A Receita Federal esclareceu como deve ser definido o grau de risco de acidentes do trabalho utilizado no cálculo da contribuição ao Grau de Incidência de Incapacidade Laborativa Decorrente dos Riscos Ambientais do Trabalho (GILRAT). Conforme a Solução de Consulta nº 124, publicada nesta segunda-feira (3) no Diário Oficial da União (DOU), cada estabelecimento da empresa deve ser enquadrado conforme sua atividade econômica preponderante.

A orientação estabelece que o cálculo não deve considerar a atividade econômica principal da empresa como um todo, mas sim a atividade que concentra o maior número de segurados empregados e trabalhadores avulsos em cada unidade.

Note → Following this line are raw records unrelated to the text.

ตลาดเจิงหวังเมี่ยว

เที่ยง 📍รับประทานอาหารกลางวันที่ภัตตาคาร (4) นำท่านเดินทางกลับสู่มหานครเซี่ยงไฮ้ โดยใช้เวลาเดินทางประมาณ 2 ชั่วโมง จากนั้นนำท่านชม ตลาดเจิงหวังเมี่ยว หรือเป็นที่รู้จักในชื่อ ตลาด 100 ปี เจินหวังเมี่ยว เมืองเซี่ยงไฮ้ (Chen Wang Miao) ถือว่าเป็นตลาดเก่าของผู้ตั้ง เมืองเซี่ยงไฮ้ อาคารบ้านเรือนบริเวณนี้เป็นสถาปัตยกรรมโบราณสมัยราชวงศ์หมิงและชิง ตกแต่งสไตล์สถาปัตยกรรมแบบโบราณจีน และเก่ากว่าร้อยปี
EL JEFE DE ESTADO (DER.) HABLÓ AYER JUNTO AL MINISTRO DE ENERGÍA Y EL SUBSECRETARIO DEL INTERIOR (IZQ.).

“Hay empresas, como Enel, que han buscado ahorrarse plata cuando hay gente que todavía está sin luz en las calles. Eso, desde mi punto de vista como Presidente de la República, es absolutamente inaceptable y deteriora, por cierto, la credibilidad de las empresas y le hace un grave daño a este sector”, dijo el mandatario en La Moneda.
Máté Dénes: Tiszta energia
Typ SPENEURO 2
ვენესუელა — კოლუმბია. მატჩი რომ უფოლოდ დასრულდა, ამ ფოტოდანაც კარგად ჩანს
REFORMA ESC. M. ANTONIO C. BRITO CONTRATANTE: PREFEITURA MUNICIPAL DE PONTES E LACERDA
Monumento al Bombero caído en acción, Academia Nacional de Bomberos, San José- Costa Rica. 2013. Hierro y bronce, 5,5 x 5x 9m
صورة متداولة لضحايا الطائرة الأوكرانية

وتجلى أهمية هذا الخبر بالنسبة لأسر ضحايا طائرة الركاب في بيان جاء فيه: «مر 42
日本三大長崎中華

A regra vale para estabelecimentos como matriz, filiais e também obras de construção civil.

Atividade preponderante deve ser analisada em cada estabelecimento
Segundo a Receita Federal, cabe à própria empresa identificar a atividade econômica preponderante desenvolvida em cada estabelecimento para definir o respectivo grau de risco de acidentes do trabalho.

A atividade preponderante é aquela responsável por concentrar o maior número de segurados empregados e trabalhadores avulsos dentro daquela unidade específica.

Dessa forma, uma empresa que possui diferentes estabelecimentos poderá ter enquadramentos distintos de grau de risco, caso as atividades desempenhadas e a quantidade de trabalhadores envolvidos sejam diferentes em cada local.

Enquadramento não altera CNAE principal da empresa
A Receita Federal destacou que a identificação da atividade econômica preponderante para fins de enquadramento do GILRAT não modifica o código da Classificação Nacional de Atividades Econômicas (CNAE) principal da empresa.

O critério utilizado tem finalidade específica para definição da alíquota do GILRAT e não interfere na classificação econômica principal registrada pela empresa.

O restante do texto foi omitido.